Such small-scale patterns cannot be adequately captured by velocity measurements at fixed points. Therefore, the ADCP was mounted on a small, boat-towed catamaran. Continuous vertical current profiles were measured along the preselected transects. SE1 was frequently observed by the proposed procedure during October 2018 and 2019 (not shown). A field campaign was conducted in October 2020 to investigate the vertical structure of SE1. Two transects, T4 and T5, were chosen based on EOF results and SAR images for 2018 and 2019. The horizontal lengths of T4 and T5 were ∼8.5 and 3.5 km, respectively. The spatial resolution of the measured current profiles depends on the boat's speed (1.5–2 km h−1). The duration of field measurements along transects T4 and T5 was ∼5 and 2 h, respectively. Velocity data were averaged every minute, which resulted in a 25–33 m spatial resolution along each transect. The numerical results and measured horizontal velocities at T4 and T5 are given in Fig. 11e–h. A cyclonic circulation formed in the south-western part of the lake, and an anticyclonic circulation formed in the north-western part (Fig. 11d). There is a close match between the measured and modelled velocity fields (see Fig. 11e–h). Field data indicate that the velocity field of SE1 extended to depths between 35–40 m, comparable to the depth of the anticyclonic gyre (AG) in this part of the lake measured during the October 2019 campaign.

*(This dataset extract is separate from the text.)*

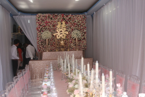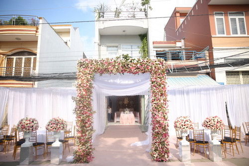 Nhà cô dâu được trang trí sang trọng, nhẹ nhàng với những tấm màn trắng, cổng hoa hồng.

Flow separation in the vicinity of headlands or baroclinicity due to favourable upwelling in the Petit Lac can also lead to the formation of submesoscale eddies, such as SE2 (Fig. 12). The dimensions of SE2 are generally smaller than those of SE1. However, SE2 is more frequently observed during certain months of the year. For example, the signature of SE2 can be clearly observed in SAR images taken on 19 August and 7 November 2018 (Fig. 12). The numerical results confirm the presence of cold cyclonic eddies with the same dimensions for the same period (Fig. 12b, d). The lateral extent of SE2 is O(4 km). A field campaign on 3 September 2020 confirmed the existence of SE2. The simulated and measured velocity fields indicate a cyclonic circulation in the north-western part of the Grand Lac basin of Lake Geneva (Fig. 12e, f). Field data show that the SE2 velocity field can reach 20 m depth, which is 5 m deeper than the depth of the cyclonic circulation during the September 2019 campaign. Although it is beyond the scope of this study to investigate the origin of small eddies, it was demonstrated that the proposed procedure can detect and locate them correctly, as was confirmed by transect field measurements. Generally, such small eddies are expected to be transient in nature. However, eddies SE1 and SE2 were trapped between large-scale gyres or between lake basin boundaries and gyres. They hardly lost any strength and remained active at fixed locations for several days, comparable to the lifetime of large-scale gyres.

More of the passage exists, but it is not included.